**WORK REQUEST**: Print each line below verbatim, skipping every picture.

**RECORDS FOR THE EXERCISE**:

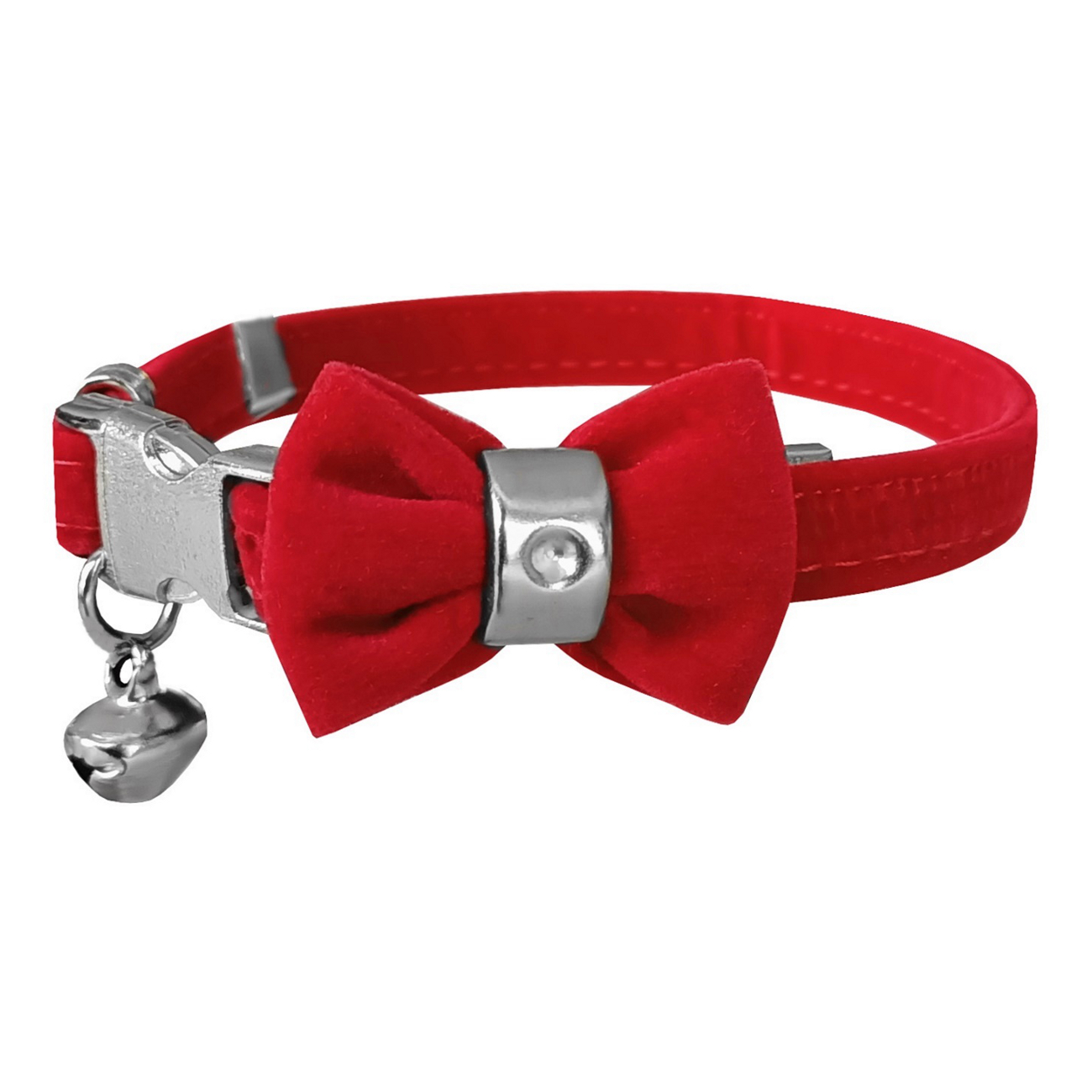 Üzerinde kadife papyon bulunup metal klipsli tasmadır. Kadife kedi boyun tasması metal kuşak aksesuarlı ve üzerinde çan bulunan şık bir tasma çeşididir. Kedi tasmasında sadece insanların açabileceği klips bulunmaktadır. Çok hafif ve kullanımı kolay olan bu tasma hem şık hemde konforlu bir üründür. 1 cm genişliğinde 32 cm uzunluğunda kedi boyun tasmasıdır. Bu kadife dokulu kedi tasması hafif yapısı sayesinde kedinizi rahatsız etmeyecektir. Üzerindeki çan aksesuarı sayesinde kediniz kolay farkedilebilecek, saklandığı yerden kolayca bulunabilecektir . Üzerindeki çan aksesuarı çıkarılabilir özelliktedir. Asorti olan bu kedi tasması rahatlığı yanında bir okadar sevimli dostunuzun şıklığınıda sağlamaktadir.   Ayarlanabilir özelliği sayesinde sevimli dostunuza uygun hale getirilebilir özelliktedir. Acil durumda ve aşırı zorlanmalarda kolayca açılan özel tasarım 'Snap & Easy' klipse sahip kedi boyun tasmasıdır. Birçok kedi kullanmakta olduğu düşük kaliteli boyun tasmalarının bir yere takılması veya sıkışma sonrası onları nefessiz bırakması sonucu yaralanmaktadır. 'Snap&Easy' klipse sahip olup kedinize gönül rahatlığıyla boyun tasması takabilirsiniz.
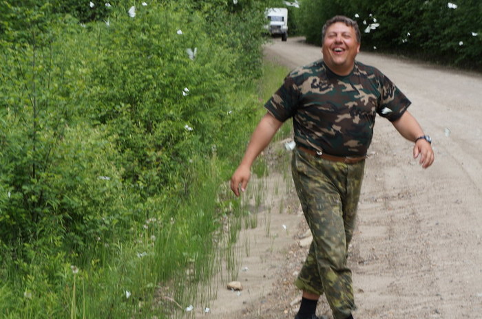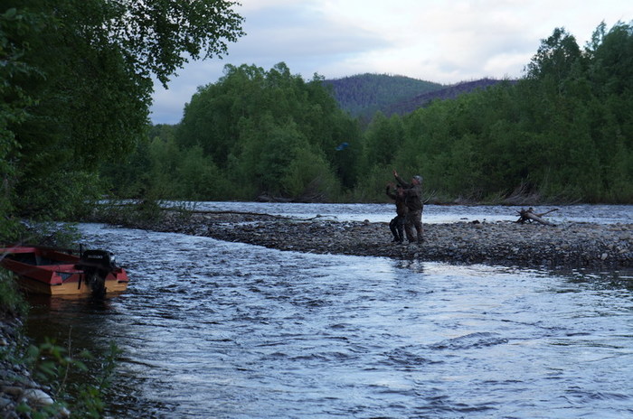 Возвратились на кордон, как оказалось, вовремя. Тут начинается самое интересное. Парфён с Николаем, поставив мотор на кат, переплыли на косу напротив с целью порыбачить. Ничего не поймав, пытаются вернуться назад, но мотор глохнет: кончился бензин. Парни зависают на косе. Начинается операция спасения челюскинцев . Варианта два: либо перекинуть бутылку с бензином через протоку, либо доставить им бензин на втором кате. Решаем доставить топливо по воздуху. Но существует опасность падения бутылки на камни, поэтому Парфён с Николаем группируются, становятся в интересную позу («Кин-дза дза», млин), и Женя кидает бутылку
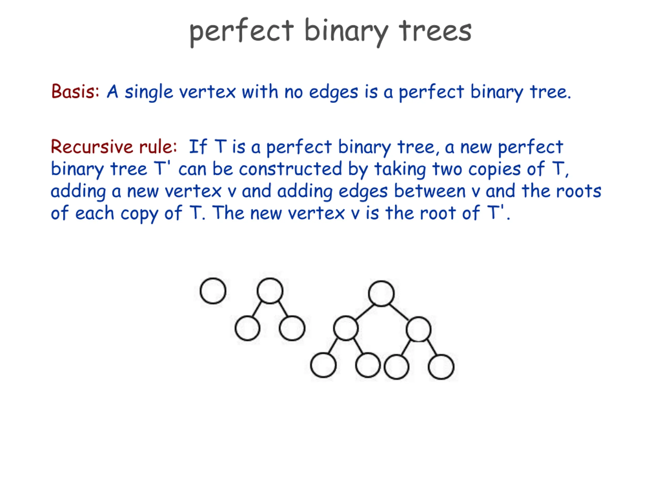 perfect binary trees Basis: A single vertex with no edges is a perfect binary tree. Recursive rule: If T is a perfect binary tree, a new perfect binary tree T' can be constructed by taking two copies of T, adding a new vertex v and adding edges between v and the roots of each copy of T. The new vertex v is the root of T'.
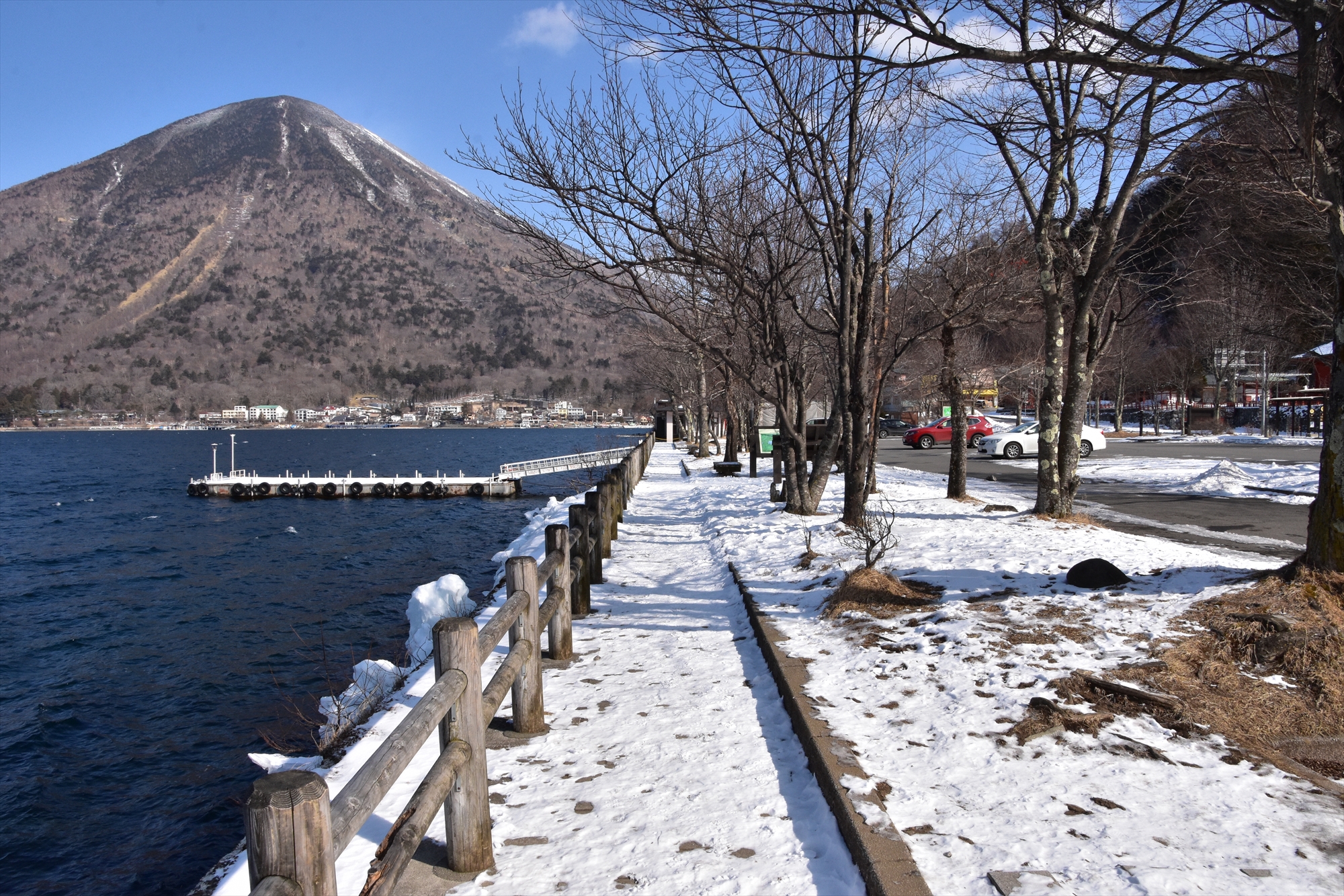 注意事項として、湖岸沿いの歩道は凍った雪の上に新雪が乗っている状態でしたので大変滑りやすいです!
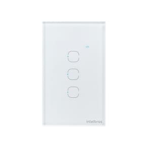 Características técnicas Tensão de alimentação: 100 a 240 V (bivolt automático) 50/60 Hz Potência máxima da carga (FP=1): 1.100 W em 110 V e 2.200 W em 220 V Corrente máxima: 10 A (FP = 1) Consumo de energia máximo (interruptor): 1,2 W Número de teclas touch: 3 Quantidade de saídas (canais): 3 Local de instalação: Caixa 4??2??? para interruptor Bitola máxima de fio: 1,5 mm² Conexão: Zigbee 3.0 IEEE 802.15.4, Bluetooth 4.2 Materiais Vidro temperado 4 mm, plástico com proteção anti-chama e anti-UV Dimensão do produto (L ?? A ?? P) 72 ?? 118 ?? 39 mm Garantia 1 ano Cor Branco Comprimento do produto 3,9 cm Largura do produto 7,2 cm Altura do produto 11,8 cm Peso do produto 0,165 g Conteúdo da embalagem 01 x interruptor 01 x manual de usuário
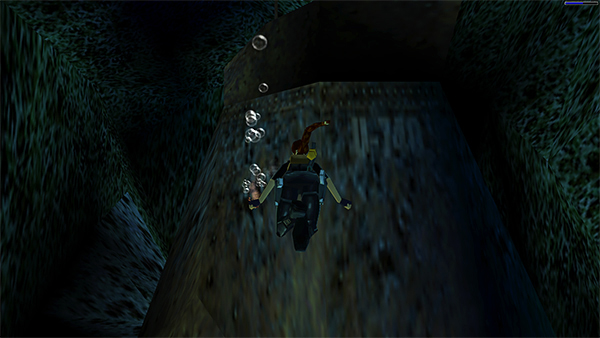 Swim to the middle of the pool and surface for air in the crate room. If you didn't press the button on the wall here earlier, do that now to open the white gate. Now tread water with the button directly ahead and the green crates on Lara's right. Then swim down and forward, and the white gate will be almost directly ahead. Swim through and let the current sweep Lara up the tunnel into the next area. (screenshots)
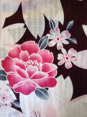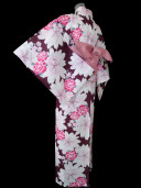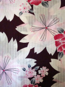 This detailed Kimono Yukata has an earthy red brown base color but is filled with many huge white flowers you can hardly see the background. The small detailed red flowers complete the design to make for a beautifully clean appearance.
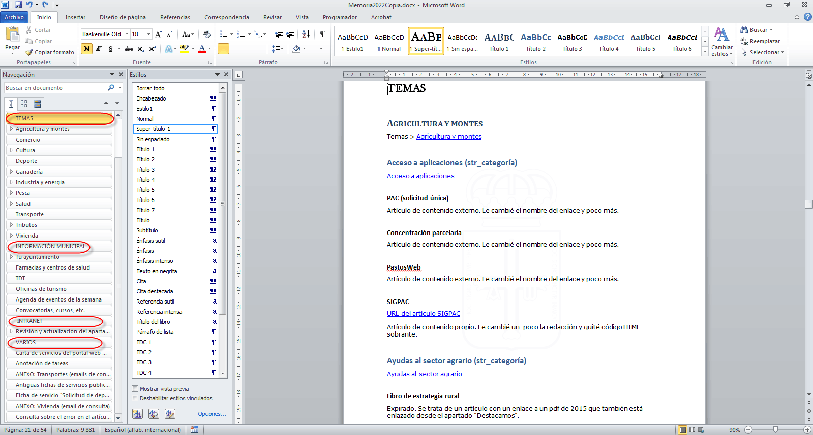 Ahora necesito dividirlo en capítulos (Temas, Información municipal, Intranet y Varios).

**EXERCISE ANSWER**:
 Üzerinde kadife papyon bulunup metal klipsli tasmadır. Kadife kedi boyun tasması metal kuşak aksesuarlı ve üzerinde çan bulunan şık bir tasma çeşididir. Kedi tasmasında sadece insanların açabileceği klips bulunmaktadır. Çok hafif ve kullanımı kolay olan bu tasma hem şık hemde konforlu bir üründür. 1 cm genişliğinde 32 cm uzunluğunda kedi boyun tasmasıdır. Bu kadife dokulu kedi tasması hafif yapısı sayesinde kedinizi rahatsız etmeyecektir. Üzerindeki çan aksesuarı sayesinde kediniz kolay farkedilebilecek, saklandığı yerden kolayca bulunabilecektir . Üzerindeki çan aksesuarı çıkarılabilir özelliktedir. Asorti olan bu kedi tasması rahatlığı yanında bir okadar sevimli dostunuzun şıklığınıda sağlamaktadir.   Ayarlanabilir özelliği sayesinde sevimli dostunuza uygun hale getirilebilir özelliktedir. Acil durumda ve aşırı zorlanmalarda kolayca açılan özel tasarım 'Snap & Easy' klipse sahip kedi boyun tasmasıdır. Birçok kedi kullanmakta olduğu düşük kaliteli boyun tasmalarının bir yere takılması veya sıkışma sonrası onları nefessiz bırakması sonucu yaralanmaktadır. 'Snap&Easy' klipse sahip olup kedinize gönül rahatlığıyla boyun tasması takabilirsiniz.
 Возвратились на кордон, как оказалось, вовремя. Тут начинается самое интересное. Парфён с Николаем, поставив мотор на кат, переплыли на косу напротив с целью порыбачить. Ничего не поймав, пытаются вернуться назад, но мотор глохнет: кончился бензин. Парни зависают на косе. Начинается операция спасения челюскинцев . Варианта два: либо перекинуть бутылку с бензином через протоку, либо доставить им бензин на втором кате. Решаем доставить топливо по воздуху. Но существует опасность падения бутылки на камни, поэтому Парфён с Николаем группируются, становятся в интересную позу («Кин-дза дза», млин), и Женя кидает бутылку
 perfect binary trees Basis: A single vertex with no edges is a perfect binary tree. Recursive rule: If T is a perfect binary tree, a new perfect binary tree T' can be constructed by taking two copies of T, adding a new vertex v and adding edges between v and the roots of each copy of T. The new vertex v is the root of T'.
 注意事項として、湖岸沿いの歩道は凍った雪の上に新雪が乗っている状態でしたので大変滑りやすいです!
 Características técnicas Tensão de alimentação: 100 a 240 V (bivolt automático) 50/60 Hz Potência máxima da carga (FP=1): 1.100 W em 110 V e 2.200 W em 220 V Corrente máxima: 10 A (FP = 1) Consumo de energia máximo (interruptor): 1,2 W Número de teclas touch: 3 Quantidade de saídas (canais): 3 Local de instalação: Caixa 4??2??? para interruptor Bitola máxima de fio: 1,5 mm² Conexão: Zigbee 3.0 IEEE 802.15.4, Bluetooth 4.2 Materiais Vidro temperado 4 mm, plástico com proteção anti-chama e anti-UV Dimensão do produto (L ?? A ?? P) 72 ?? 118 ?? 39 mm Garantia 1 ano Cor Branco Comprimento do produto 3,9 cm Largura do produto 7,2 cm Altura do produto 11,8 cm Peso do produto 0,165 g Conteúdo da embalagem 01 x interruptor 01 x manual de usuário
 Swim to the middle of the pool and surface for air in the crate room. If you didn't press the button on the wall here earlier, do that now to open the white gate. Now tread water with the button directly ahead and the green crates on Lara's right. Then swim down and forward, and the white gate will be almost directly ahead. Swim through and let the current sweep Lara up the tunnel into the next area. (screenshots)
 This detailed Kimono Yukata has an earthy red brown base color but is filled with many huge white flowers you can hardly see the background. The small detailed red flowers complete the design to make for a beautifully clean appearance.
 Ahora necesito dividirlo en capítulos (Temas, Información municipal, Intranet y Varios).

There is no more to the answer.